Büyücüler ve savaşçıların vücudu soğuğa ve sıcağa daha bağışıklı oluyordu. Nadir olarak hastalanıyor, güçlü olanlar onlarca gün aç kalabiliyordu.
Tabi bu sadece güçlü olanlar için geçerliydi.
Altair güverteye çıktı ve etrafa bakındı. Meleklere bok yedirecek kadar güzel olan hanımefendiyi o günden sonra görmemişti. Bu onu biraz üzmüştü. Ancak sadece biraz üzülmüştü. Çünkü onun taşaklı bir aileden geldiğini hissediyordu. Bu kadar güzel biri halktan olsaydı, o bölgenin lordu cariye olarak alırdı. Hâlâ dışarıda böyle rahatça gezebiliyorsa, güçlü ya da nüfuzlu olmalıydı.
Bu yüzden Altair onu kovalamaktan vazgeçmişti.
Şimdilik...
"Maskeli bey!"
Altair arkasını döndüğünde gözleri mutlulukla doldu. Meleklere bok yedirecek kadar güzel olan hanımefendi ona doğru geliyordu. Hemen tüm sorunlarını kafasından attı. Ancak... aklına bir şey geldi ve yüzüne dokundu.
'Yok!'
"Evet. Buyrun! Meleklere bok yedirecek kadar güzel olan hanımefendi."
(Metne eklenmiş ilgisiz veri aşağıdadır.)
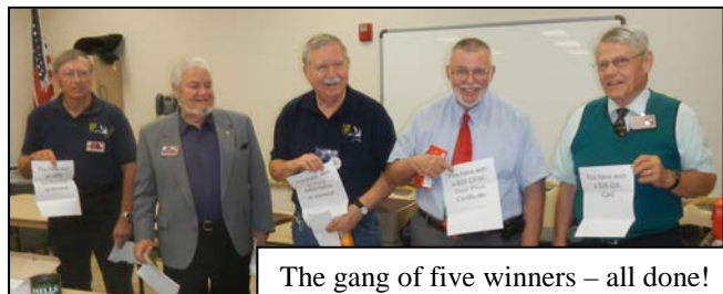
The gang of five winners – all done!
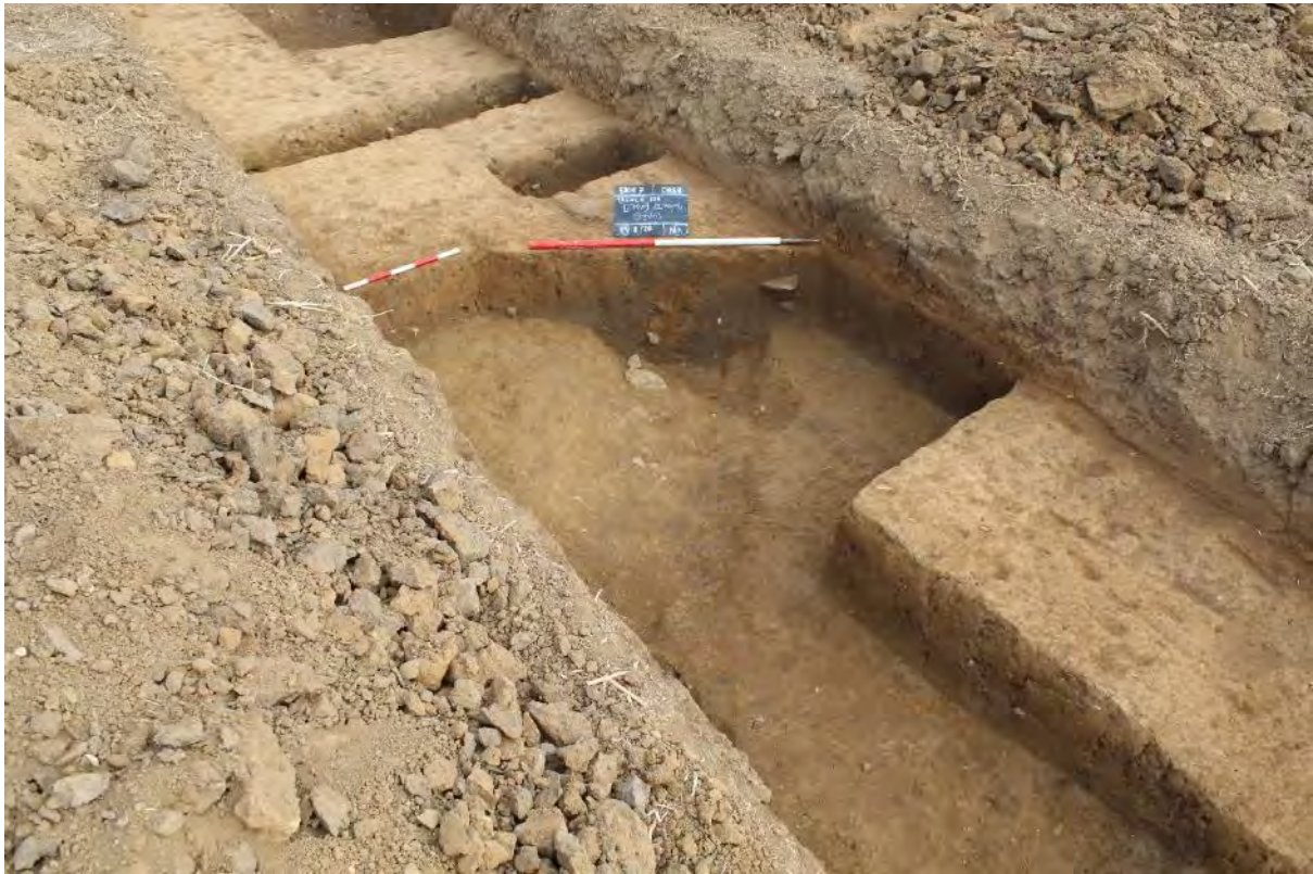
Plate 5.27 Trench 275. Gully [27505], ditch [27509] and furrow [27510]. Looking northeast.
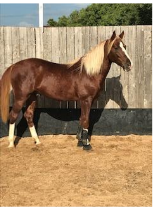
Society's Jeremiah Wilson IHWHA 2016-HC-285-FH (Society's Duke Allen x Carbonado's Nancy Bee)

Thunder came to Israel from Tennessee in 2017. He is very good to ride and trail rides well with other horses.
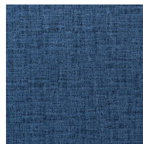
NOCTURNE MURA 2334 Saphir 106
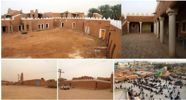
Figure 1. The architectural heritage in the village of Ayoun al-Jawa

Different buildings, sites, villages had been restored for a new use or for the sake of taking care of the architectural heritage. An example of such preservation efforts is the village of Ayoun al-Jawa (Figure 1). It became a museum that represents the style of life in old times as a trip through time (Figure 2) [3].
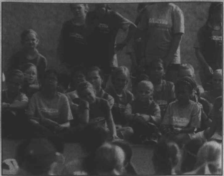
The young women pay attention as they are being shown a new drill during the clinic last Saturday, Aug. 6.
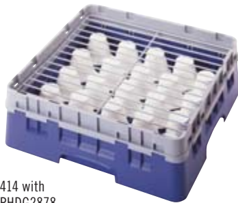
BR414 with CRPHDG2878

Keeps lightweight smallwares in place during wash cycle. Use on full size Camrack Base or Flatware rack.
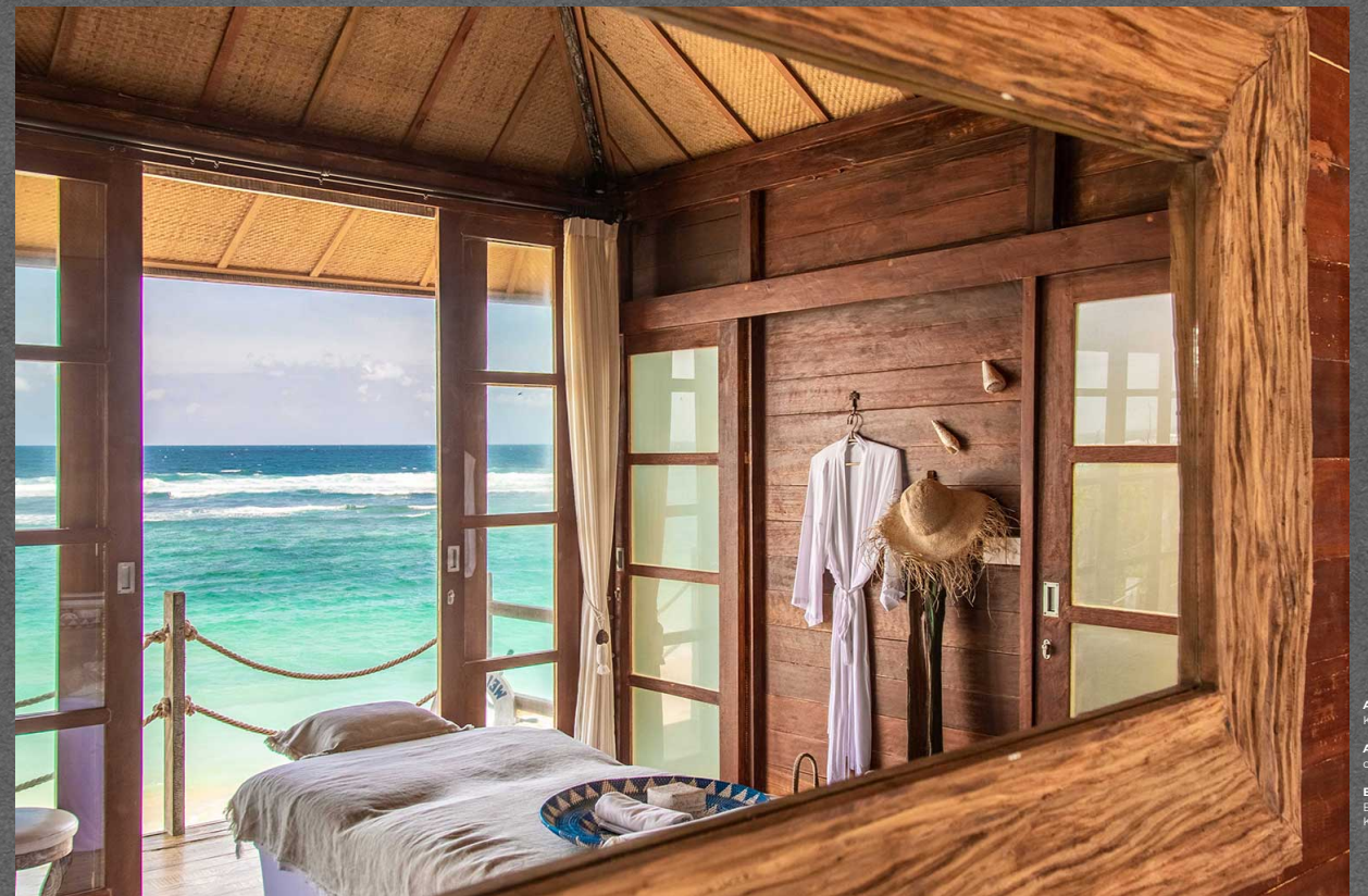
Above left : VW Kublewagon
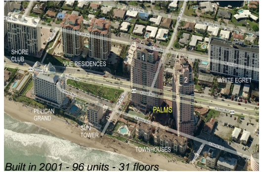
Built in 2001 - 96 units - 31 floors
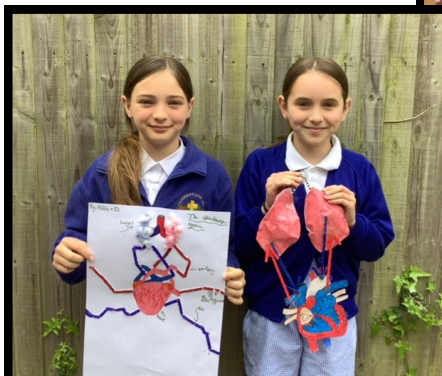
Owl Class have used their Science knowledge to make 3D models of the Circulatory System.
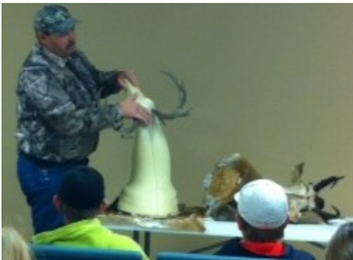
Ten Point Taxidermy
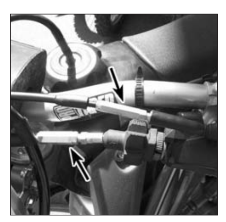
5.14b ... loosen the locknut and turn the adjuster (upper arrow) - the lower adjuster (lower arrow) is for the clutch

2 On early models, pull back the rubber cover from the adjuster at the handlebar (see illustration). Loosen the lockwheel or lock-
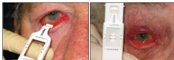
Figure 3. The Adeno Detector Plus (Rapid Pathogen Screening) immunoassay has a self-contained collection unit to perform conjunctival scrapings for in-office detection of adenoviral antigens in approximately 10 minutes.

There are supporting laboratory and clinical data to warrant a clinical trial of topical ganciclovir for the treatment of patients with adenoviral keratoconjunctivitis. Several studies have shown that ganciclovir is active in vitro against adenovirus. 4,5 Animal studies in the cotton rat have also shown some efficacy. 6 In addition, Tabbara 7 performed a controlled, randomized, double-masked clinical study of patients with adenovirus keratoconjunctivitis and found that ganciclovir significantly reduced both the duration of disease and
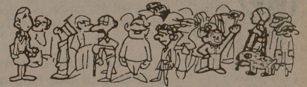
Day Students Shop at University Book Store...

NEW AND USED BOOKS GIFTS • MILITARY SUPPLIES CALCULATORS • ENGINEERING AND ARCHITECTURE SUPPLIES DESIGN YOUR OWN T-SHIRTS
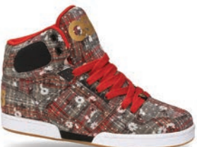
2352 IDYLLWILD C / SL / M N
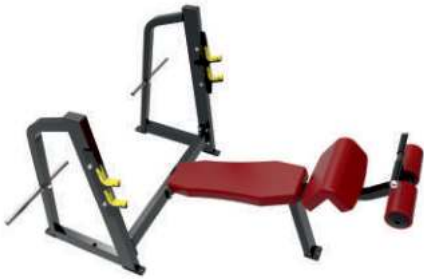
OLYMPIC DECLINE BENCH

Meleklere bok yedirecek kadar güzel olan hanımefendi Altair'ın söylediklerini duyunca bir anlığına durakladı. Altair'a doğru ilerlemesi gerekirken tereddütlü bir şekilde duraklamıştı.
Altair denizi kaynatacak kadar sıcak bir gülümseme ortaya çıkardı. "Aman aman. Kabalığımı mazur görün. İlk defa bu kadar güzel bir genç hanım görüyorum. Restoranta iken loş ışık güzelliğinizi örtmeye çalışıyordu. Bu yüzden pek dikkat edememiştim." şuan ki fiziki yaşının sekiz olduğunu unutmuştu. Bacak kadar boyuyla kendisinden iki baş uzun bir kıza övgüler yağdırıyordu.
Meleklere bok yedirecek kadar güzel olan hanımefendi kesesinden beyaz bir maske çıkarıp Altair'a doğru fırlattı ve oradan hızlıca uzaklaştı.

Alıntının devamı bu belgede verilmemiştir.